- #1
Haptic9504
- 10
- 0
Homework Statement
A 25.0 g copper ring at 0°C has an inner diameter of D = 2.71585 cm. A hollow aluminum sphere at 88.0°C has a diameter of d = 2.72019 cm. The sphere is placed on top of the ring (see the figure), and the two are allowed to come to thermal equilibrium, with no heat lost to the surroundings. The sphere just passes through the ring at the equilibrium temperature. What is the mass of the sphere?
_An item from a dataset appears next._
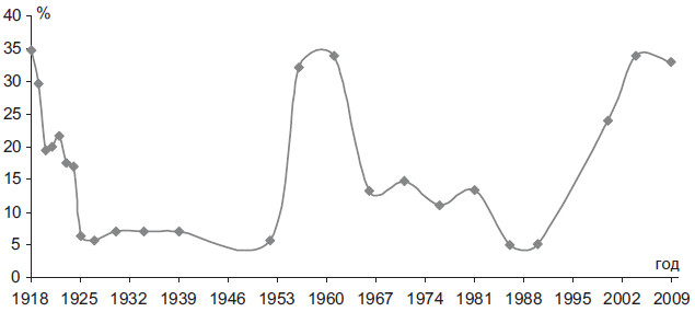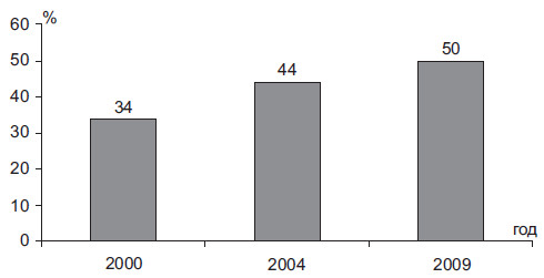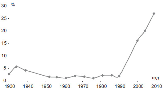 Еще более впечатляющим является рост представительства в высшей политической власти лиц, деятельность которых связана с банковскими структурами и крупным бизнесом. Уже к 2000 г. оно составляло более трети состава российского правящего класса. К 2010 г. этот показатель и вовсе достиг половины всего истэблишмента. Несмотря на реляции о победе над олигархическим капитализмом образца 1990-х гг., подлинный облик власти позволяет констатировать прямо противоположную тенденцию. Финансовая олигархия составляет сегодня реальность современного функционирования и кооптирования российской власти (рис. 2.4).

The linear expansion coefficient of aluminum is 23.0 × 10-6 /C°, the linear expansion coefficient of copper is 17.0 × 10-6 /C°, the specific heat of aluminum is 900 J/kg·K, and the specific heat of copper is 386 J/kg·K.
http://edugen.wileyplus.com/edugen/courses/crs7165/art/qb/qu/c18/fig18_34.gif
Homework Equations
[tex]Q = cm \Delta T[/tex]
[tex]\Delta L = \alpha \Delta T L_{0}[/tex]
The Attempt at a Solution
Since at equilibrium the sphere passes through the right that would mean that d = D at equilibrium, being that the ring acquires heat and expands while the sphere loses heat and shrinks. I made [tex]L_{f}[/tex] be the final diameter of the two.
For the sphere: [tex]L_{f} - 2.72019 = (2.72019)(23E-6)(T_{f} - 88)[/tex]
For the ring: [tex]L_{f} - 2.71585 = (2.71585)(17E-6)(T_{f} - 0)[/tex]
Solved for Lf and set them equal, solving for T, getting 68.82 Celcius.
Heat lost by the sphere = Heat gained by ring.
[tex]cm \Delta T [sphere] = cm \Delta T [ring][/tex]
[tex](900)(m)(88 - 68.82) = (386)(0.025)(68.82)[/tex]
Solving for the mass, m, I get 0.038 kg, which is marked as incorrect.
Not sure what I am doing wrong, be it the whole approach or some minor thing I am overlooking.